Adding a Remote XML Import Scan Via SMB

Use SMB to connect to a remote server and import the HostData XML vulnerability data that is created by your McAfee Vulnerability Manager appliance.

Ensure that the McAfee Vulnerability Manager is configured to export scan results to a remote server.

JSA connects to the remote repository via SMB, and imports completed XML scan reports from a remote directory.

You can use the file import collection method to import completed scan reports from McAfee Vulnerability Manager V7.0 and V7.5.

Note
  1. The import might contain HostData and RiskData XML files. Only HostData XML files are supported because they contain the required host and vulnerability information. Ensure that only HostData XML files are placed in the remote directory or that the file name pattern that you configure matches only HostData reports.

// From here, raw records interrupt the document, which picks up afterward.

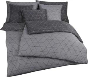 Mako-Satin Bettwäsche Geo grau 155x220 cm + 80x80 cm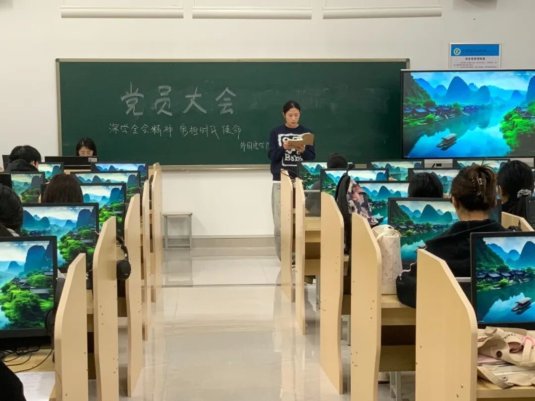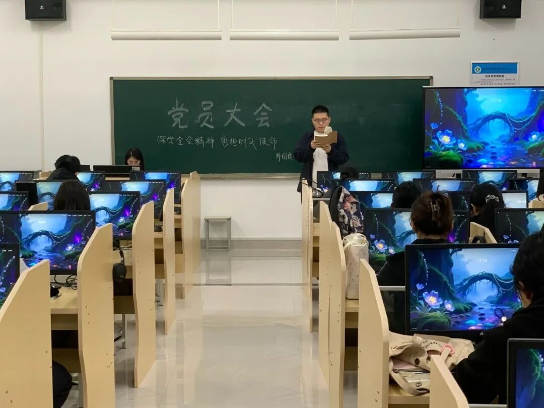 为从严把党员发展“政治关”,深刻学习领会二十届四中全会精神,10月30日,外国语学院第一党支部于第二教学楼语音室1召开党员大会暨主题党日活动,支部全体党员和23级学生代表参会,会议由支部书记殷可主持。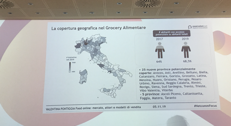 Definito da Roberto Liscia, Presidente di Netcomm, una sorta di “8000 metri” dell'e-commerce – vista la difficoltà di operare in un settore come quello alimentare, fresco incluso – il mondo del food&grocery è il settore che cresce di più in Italia orami da tempo: nel 2019 l'analisi parla di un ulteriore balzo del 42% rispetto al 2018, pari al 5% circa del totale e-commerce in Italia e pari a circa 1,6 miliardi di euro. Certo, la penetrazione della spesa on line rispetto all'off line continua ad essere bassa, pari all'1,1%, inferiore rispetto a molti altri paesi sia europei che del mondo, così come, rimanendo in Italia, inferiore rispetto a settori come l'informatica (27%), l'editoria (21%) o l'abbigliamento (9%).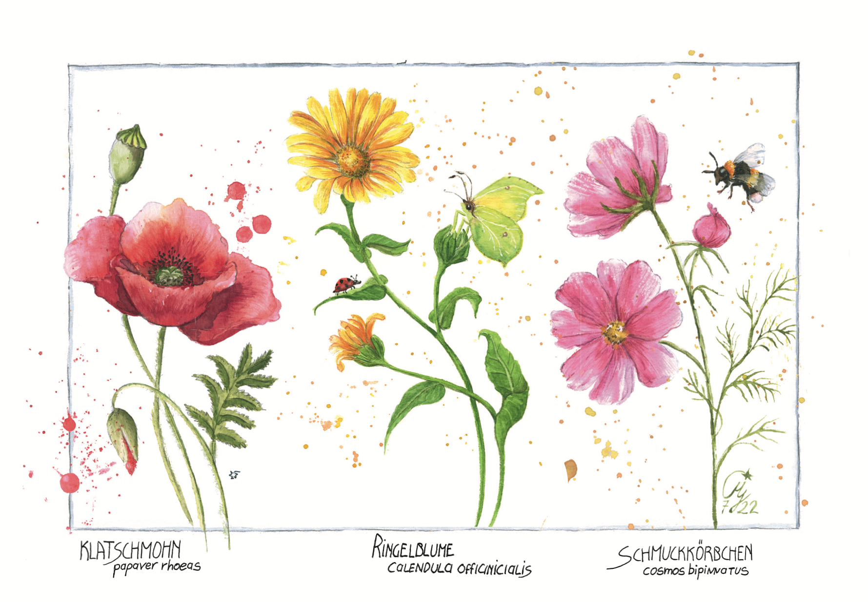 Meine Passion ist es viel in der Natur zu sein und mir Pflanzen, Insekten und heimische Tiere genauer anzusehen. Zuhause mache ich gerne aus den Entdeckungen und Eindrücken, die ich mitgebracht habe kleine Zeichnungen und Aquarelle. Besondere Freude macht es mir meiner Kreativität freien Lauf zu lassen... dann entstehen auch mal ganz lustige Bilder.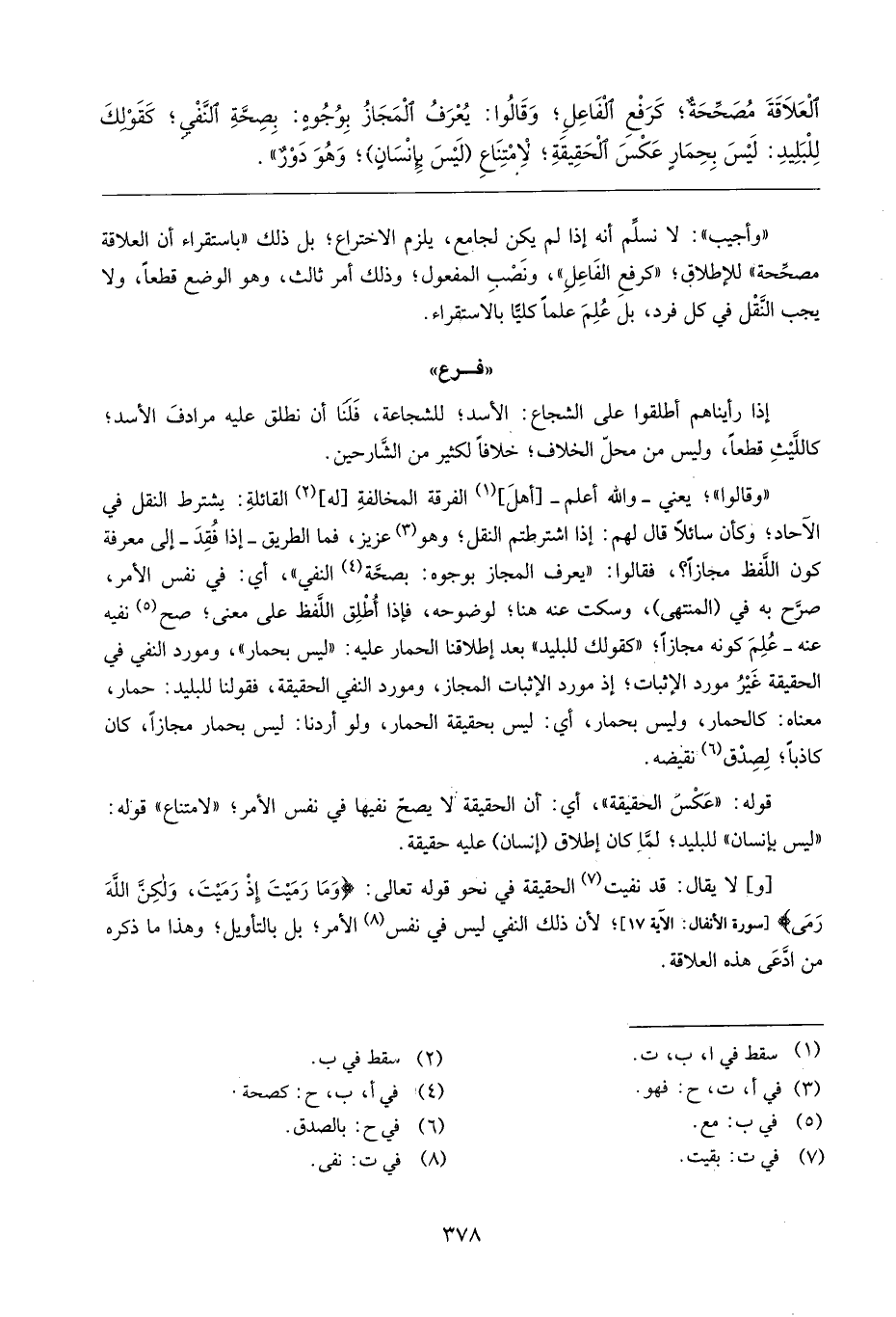 [و] لَا يُقَال: قد نفيت الْحَقِيقَة فِي نَحْو قَوْله تَعَالَى: {وَمَا رميت إِذْ رميت، وَلَكِن الله رمى} [سُورَة الْأَنْفَال: الْآيَة 17] ؛ لِأَن ذَلِك النَّفْي لَيْسَ فِي نفس الْأَمر؛ بل بالتأويل؛ وَهَذَا مَا ذكره من ادّعى هَذِه العلاقة.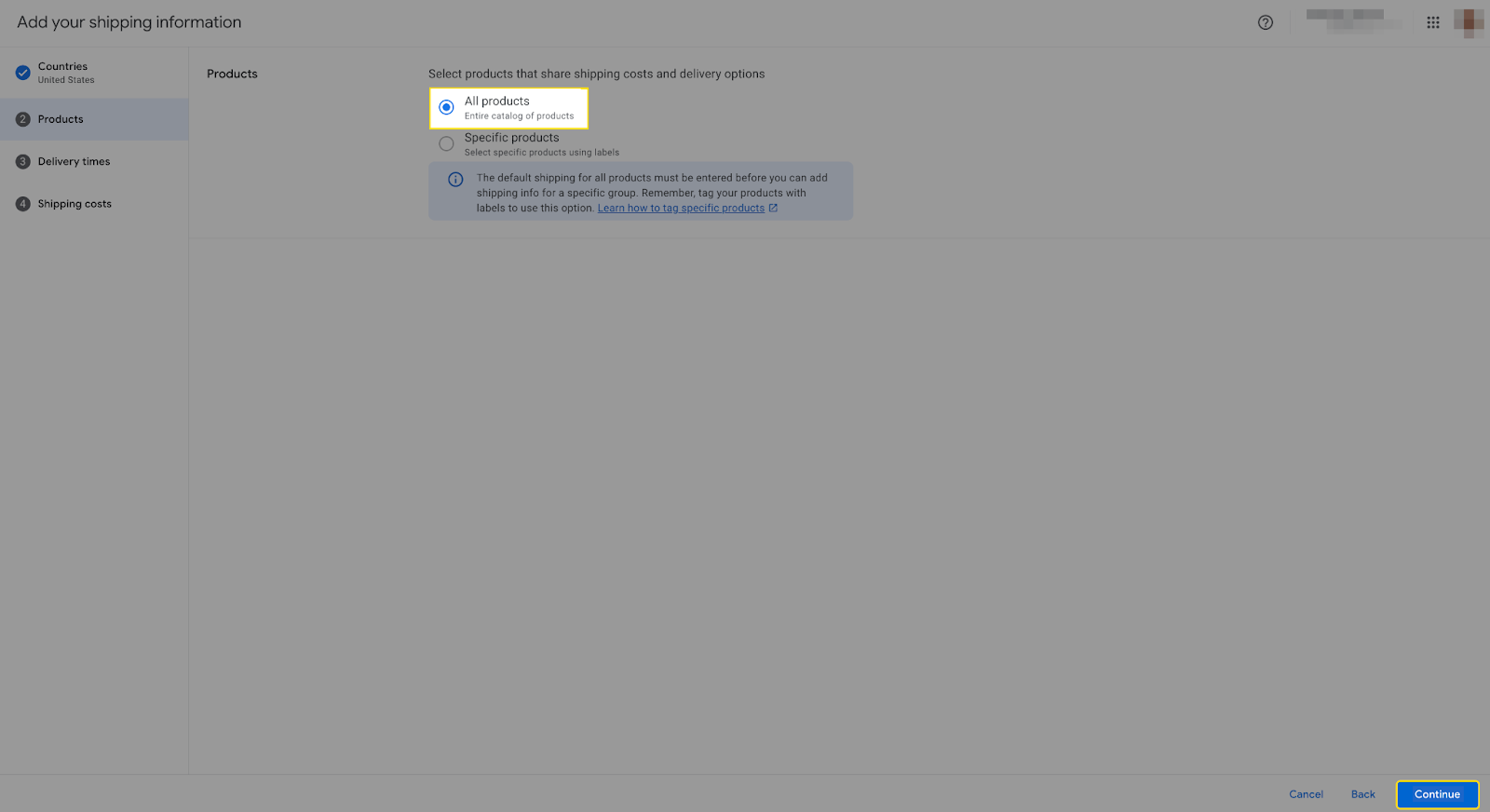 Select and proceed by clicking on Continue. You will have the option to create shipping for “All products” or for “specific products”.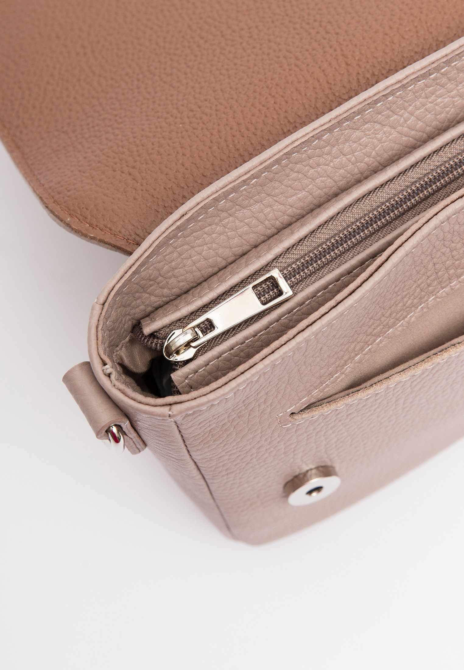 Миниатюрный кросс-боди в стиле S.Lavia из двух видов натуральной кожи с благородной отделкой оттенка camel. Компактная модель с короткой ручкой и регулируемым ремнём на кобурных кнопках предлагает два варианта ношения. Двойная защита основного отделения: клапан на магнитах и молния. Внутри — два стандартных кармана, снаружи — удобный задний карман на молнии. Переднюю часть украшает металлический декоративный элемент. Идеальный выбор для тех, кто ценит лаконичность, функциональность и узнаваемые детали бренда.

  2. The export is a compressed file that contains HostData and RiskData XML files. Only HostData XML files are supported because they contain the required host and vulnerability information. Ensure that only uncompressed HostData XML files are placed in the remote directory or that the file name pattern that you configure matches only uncompressed HostData reports XML files.

  1. Click the Admin tab.
  2. Click the VA Scanners icon.
  3. Click Add.
  4. In the Scanner Name field, type a name to identify McAfee Vulnerability Manager.
  5. From the Managed Host list, select the managed host from your JSA deployment that manages the scanner import.
  6. From the Type list, select McAfee Vulnerability Manager.
  7. From the Import Type list, select SMB Share.
  8. In the Hostname field, type the user name of the remote server that hosts your McAfee Vulnerability Manager XML data.
  9. In the Login Username field, type the user name that JSA uses to log in to the SMB Share.
  10. In the Login Password field, type the password that JSA uses to log in to the SMB Share.
  11. In the Domain field, type the domain that is used to connect to the SMB Share.
  12. In the SMB Folder Path field, type the full path to the share from the root of the SMB host. Use forward slashes when you type the path. For example, /share/logs.
  13. In the File Name Pattern field, type a regular expression (regex) to filter the list of files that are specified in the remote directory. All matching files are included in the processing. Ensure that this pattern matches only HostData XML reports.
  14. In the Max Reports Age (days) field, type the maximum file age for your scan results file.
  15. Configure a CIDR range for the scanner.
    1. In the text field, type the CIDR range for the scan, or click Browse to select a CIDR range from the network list.

    2. Click Add.

  16. Click Save.
  17. On the Admin tab, click Deploy Changes.